- Managed Service
- Integration with AWS
- Convenient Configuration
- Extensibility via Plugins
- Convenient Logging
- Governance Out of the Box
- CI/CD pipelines can be easily established
- Support for containerized workflows & consolidated pricing
Besides the autoscaling of worker node capacity, one of the most considerable advantages of MWAA is the fact that it’s a managed service. You don’t need to monitor webserver, worker nodes, and scheduler logs to ensure that all components within your environment are working — AWS is responsible for keeping your environment up and running at all times. The same is true for security patches and upgrades to new Airflow versions.
The integration with other AWS services makes it easier to manage communication between Airflow and other services running within your VPC. For instance, instead of maintaining and manually rotating credentials, you can now leverage IAM roles for more robust management of permissions.
Another useful feature is a centralized storage of configuration options. Airflow is configured to a large extent by setting variables in the airflow.cfg file. With MWAA, you can manage those settings directly from the management console. Normally, after having changed your configuration variables, you would have to restart your scheduler and worker nodes to apply the changes. With MWAA, it’s performed under the hood without bringing down your Airflow environment.

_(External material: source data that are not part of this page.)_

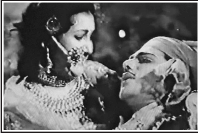
(نور جہاں تے تر لوک کپور 1947 وچ بنی فلم مرزا صاحبان وچ)

کھچ کھچ ماردا کانیاں دتی نیوں لکانا دی پٹ وڈے وڈے مر گئے سورے مارتے پنچتت اوہ ناردا بے میں کلا مرزا مر گیا تاں کیا سنی ہو جاؤ ستھ؟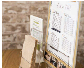
⑰ シンビ 木目柄メニューブック立 (PBT-G1) B

〈PMN-GK〉 1-2073-1601 ¥1,700 100×70×H163 有効幅:21 ●テーブルサイドにおすすめメニューや季節メニューに。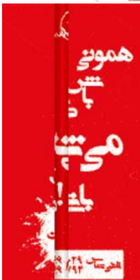
بانگاه اطلاع رسانی عشایر ایران

The functionality of MWAA environments can be extended by using plugins — you simply need to upload plugins.zip to your S3 bucket to make custom operators, hooks, and sensors available to all your DAGs.
__init__.py
|-- airflow_plugin.py
hooks/
|-- __init__.py
|-- airflow_hook.py
operators/
|-- __init__.py
|-- airflow_operator.py
sensors/
|-- __init__.py
|-- airflow_sensor.py
One of my favorite features of MWAA is how easy it is to configure logging to CloudWatch. Setting this up yourself would require a lot of work to configure a CloudWatch Agent on all instances to stream the logs to CloudWatch, and ensure proper log groups for all components (scheduler logs, worker nodes logs, web server logs, and the actual logs from your tasks).

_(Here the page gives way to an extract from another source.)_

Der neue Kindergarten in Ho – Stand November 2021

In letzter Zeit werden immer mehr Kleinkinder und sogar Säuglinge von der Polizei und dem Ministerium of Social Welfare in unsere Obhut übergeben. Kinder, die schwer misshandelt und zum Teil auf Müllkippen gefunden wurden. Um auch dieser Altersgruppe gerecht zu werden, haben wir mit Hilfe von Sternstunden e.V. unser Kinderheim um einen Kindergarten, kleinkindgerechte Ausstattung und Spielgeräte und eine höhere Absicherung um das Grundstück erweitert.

Another feature is the integration of MWAA with IAM: only authorized IAM users can log into your Airflow UI. This is enabled by default without having to implement any custom Auth logic. When I open the link to the Airflow UI within a private browser window, we are not able to access the UI until we sign in with a user who has access to the AWS management console. From the security perspective, I would definitely recommend using MWAA rather than deploying Airfow yourself with EC2. AWS ensured that any data processed within MWAA is by default encrypted with KMS, and you get the Single-Sign-On that works out of the box. Similarly, you don’t need to worry about Security Groups, and a domain name is automatically assigned to your environment.
From the DevOps perspective, MWAA is attractive since establishing a CI/CD pipeline for your DAGs is as easy as making sure that any push to the master branch triggers upload of the code to s3://airflow-BUCKET/dags
.
Lastly, AWS also promises support for containerized workloads with AWS Fargate and enables easy consolidated pricing for all your Airflow components by using tags assigned to your MWAA, S3, and CloudWatch resources.